Some common ones for hunting are sites such as Danbooru and Safebooru. They are easy to navigate and have a huge tag list to assist in searching. There is also Gelbooru which is pretty much the same as the first 2. Another one that has a similar tagging system is sankakucomplex I discovered this on accident recently and it seems to have a lot of mature themes but may be worth checking.
Some sites that are a little harder to navigate are Pixiv, Deviantart, twitter, and zerochan. Deviantart you probably know it has a wide variety of images posted but every once in a while some decent 3d models or some artist set up shop there, but the quality of images is all over the place. Pixiv is like the japanese deviantart has a tagging system but it's more by series and character than actual features, I'll also link to the pixiv downloader which will make image collection there so much easier. Twitter is a pain to navigate without proper tools (which I will link to) but is quite popular if you are looking up data of certain artist. The reason why Twitter is a pain is because it deletes images from the search feed after a certain time but they are still on the site. To get around this if you know the twitter tag you can search for it on sites like buhitter which are made for searching or use the twitter media downloader to download the entirety of an artist page. Zerochan I discovered recently its like danbooru but even more japanese and has a smaller tagging list but should have some different pictures than the previously mentioned.
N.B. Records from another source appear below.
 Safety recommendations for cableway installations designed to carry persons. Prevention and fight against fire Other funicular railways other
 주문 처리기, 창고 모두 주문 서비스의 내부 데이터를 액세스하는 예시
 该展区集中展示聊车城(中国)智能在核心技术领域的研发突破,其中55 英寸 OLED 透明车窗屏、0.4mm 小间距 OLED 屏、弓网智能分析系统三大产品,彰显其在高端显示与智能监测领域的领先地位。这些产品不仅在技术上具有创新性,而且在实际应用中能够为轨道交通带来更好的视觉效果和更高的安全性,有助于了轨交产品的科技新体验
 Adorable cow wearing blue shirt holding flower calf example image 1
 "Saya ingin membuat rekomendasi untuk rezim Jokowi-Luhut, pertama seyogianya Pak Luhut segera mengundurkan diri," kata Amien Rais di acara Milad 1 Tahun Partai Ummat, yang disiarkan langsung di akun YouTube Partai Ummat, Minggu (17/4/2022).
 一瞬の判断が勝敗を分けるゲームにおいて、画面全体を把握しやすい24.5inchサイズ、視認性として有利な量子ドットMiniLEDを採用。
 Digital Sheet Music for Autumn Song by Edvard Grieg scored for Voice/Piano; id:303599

Some sites can have some decent images but are clearly meant for more adult content, an obvious one for this category is e-hentai. E-hentai is purely adult content but it does carry some game cg's some non hentai and artist picture packs, but your going to have to sort out all the adult content first. I don't have a suggestion for bulk downloading on E-hentai because I refuse to make an account but if your okay with it bulk downloading should be built into the site as long as you have an account. For other sites that may not have a bulk downloading option available you can always try using the Kellyc downloader extension just be sure to read the tutorial.
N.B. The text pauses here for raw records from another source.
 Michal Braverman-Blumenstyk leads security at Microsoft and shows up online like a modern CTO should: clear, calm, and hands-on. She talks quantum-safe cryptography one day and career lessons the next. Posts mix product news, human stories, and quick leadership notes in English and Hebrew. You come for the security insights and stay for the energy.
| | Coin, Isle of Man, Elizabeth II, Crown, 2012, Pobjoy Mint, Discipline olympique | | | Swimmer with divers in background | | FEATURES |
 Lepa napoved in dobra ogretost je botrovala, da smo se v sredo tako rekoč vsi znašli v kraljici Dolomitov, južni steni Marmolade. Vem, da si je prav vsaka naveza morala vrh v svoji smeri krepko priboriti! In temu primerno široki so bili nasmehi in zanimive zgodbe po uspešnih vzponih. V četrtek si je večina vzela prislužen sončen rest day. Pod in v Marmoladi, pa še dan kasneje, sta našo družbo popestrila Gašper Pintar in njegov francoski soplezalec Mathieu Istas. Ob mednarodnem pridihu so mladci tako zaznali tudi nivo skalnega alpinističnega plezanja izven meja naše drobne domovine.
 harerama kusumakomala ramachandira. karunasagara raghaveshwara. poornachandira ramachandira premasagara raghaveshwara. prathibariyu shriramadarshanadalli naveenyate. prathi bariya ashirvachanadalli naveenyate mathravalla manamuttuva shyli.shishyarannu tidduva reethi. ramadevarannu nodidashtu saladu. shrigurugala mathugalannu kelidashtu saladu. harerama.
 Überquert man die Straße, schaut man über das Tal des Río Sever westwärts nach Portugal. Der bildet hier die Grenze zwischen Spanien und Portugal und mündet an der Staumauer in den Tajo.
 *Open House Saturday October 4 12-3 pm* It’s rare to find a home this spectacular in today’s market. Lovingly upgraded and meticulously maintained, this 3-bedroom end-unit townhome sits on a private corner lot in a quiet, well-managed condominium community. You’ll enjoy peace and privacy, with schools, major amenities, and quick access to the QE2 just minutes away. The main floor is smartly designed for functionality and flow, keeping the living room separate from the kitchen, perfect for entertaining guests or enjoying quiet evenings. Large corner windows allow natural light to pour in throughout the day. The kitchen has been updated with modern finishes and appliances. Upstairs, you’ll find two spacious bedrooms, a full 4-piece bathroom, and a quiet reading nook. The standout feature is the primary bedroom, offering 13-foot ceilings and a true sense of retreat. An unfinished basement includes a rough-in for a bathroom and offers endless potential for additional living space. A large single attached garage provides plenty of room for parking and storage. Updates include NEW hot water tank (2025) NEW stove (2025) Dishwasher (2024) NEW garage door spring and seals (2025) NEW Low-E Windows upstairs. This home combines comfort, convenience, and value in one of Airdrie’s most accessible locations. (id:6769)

If you need raw screenshots from the anime itself but are worried about subtitles this is what you can do. I won't post a link to it directly but you can google where to download raw (unsubtitled) anime. Most sites of this nature require a torrent downloader I personally would recommend deluge. Once you got your raw anime playing you can take all the reference screenshots you want and no editing would be necessary.
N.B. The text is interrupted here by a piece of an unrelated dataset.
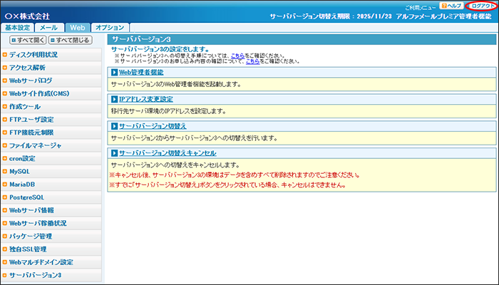 - ホームページやデータベースのデータを移行する選択をされた場合でも、必ず移行されたデータをご確認ください。移行されていないデータがあった場合は、お客様にてサーババージョン2からデータの移行をお願いします。
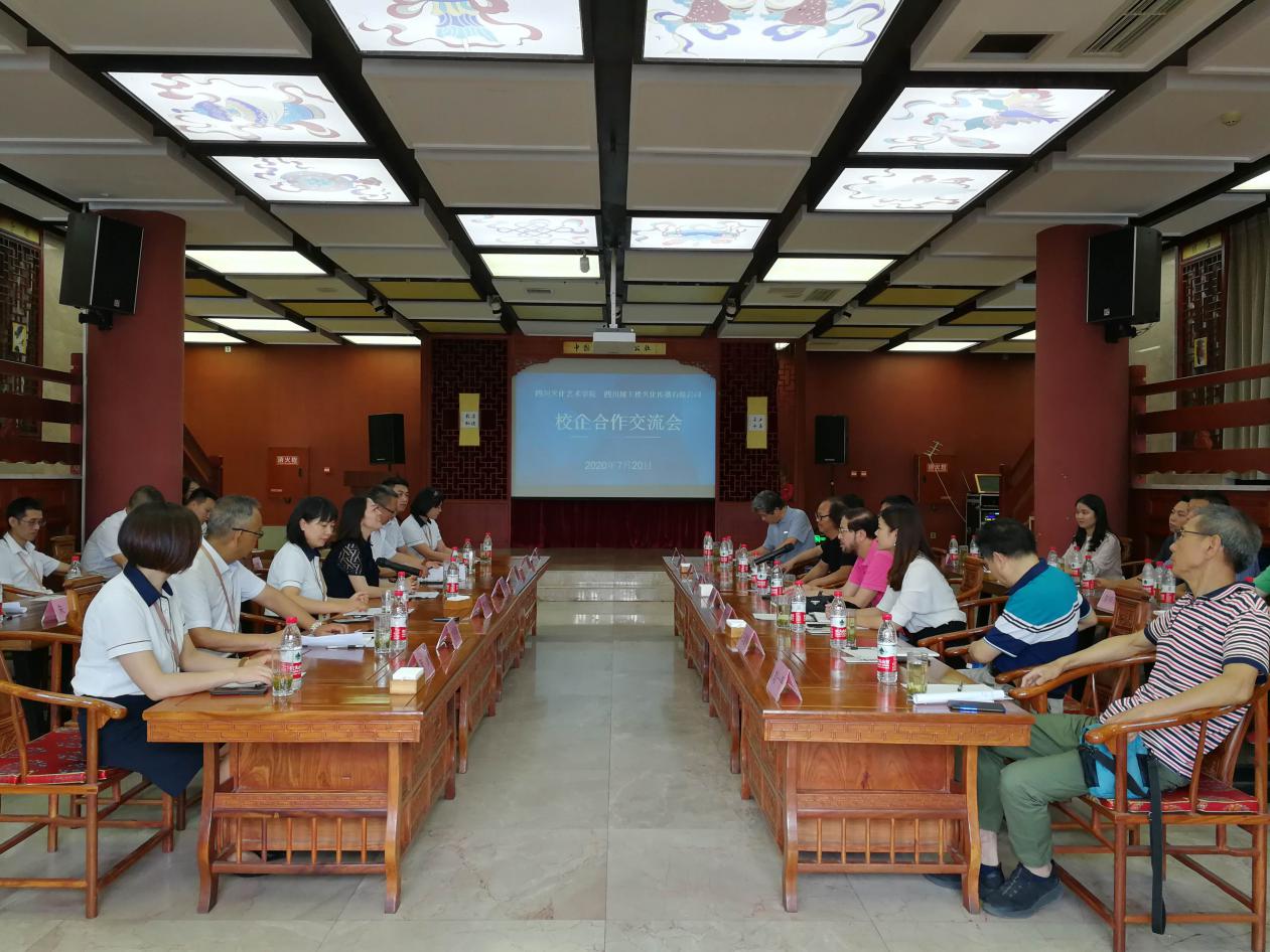 2020年7月20日,四川文化艺术学院副校长欧建华、宋大川带队广播电视学院、文化旅游学院、音乐学院、数字艺术学院、美术学院、设计学院、戏剧影视学院、书法纂刻学院、舞蹈学院以及合作交流部等10个学院及部门负责人到绵投集团·四川越王楼文化传播有限公司开展校企合作考察交流。越王楼公司董事长、支部书记谭屹和各部门主要负责人陪同参观并集体座谈。

For game artwork and sprites from various retro consoles try checking out the below resources. As recommended by OhGodItsBroken. The sites are organized by either console or series. Better for If you have a topic in mind rather than general browsing.

Cleaning them
The below tools work for all images not just anime. Since Ai is improving everywhere there are tons of free easy to use tools to assisst in image cleanup.

By Hand-
If its a super simple thing like a single line out of place or you need to remove a white border just do it by hand. For your by hand projects I suggest Gimp its a good paint tool it's free and has a wide variety of features to help you. You can also always try using gimp combined with stable diffusion itself as well and a good tutorial on this is linked below.

Infinite use no questions-
Image cleaner experte, is a ai image object remover. All you need to do is highlight and the section will blend into the rest of the image removing whatever was there initially. It's free and keeps original resolution, an amazing tool honestly. A bulk image flipper thats free and online is pinetools it also is super easy to use. If you have a lot of the same size image and need to crop them (for example to remove a banner) a good site for mass cropping is birme just enter the size of the pic without the banner and it can easily clean your images for you.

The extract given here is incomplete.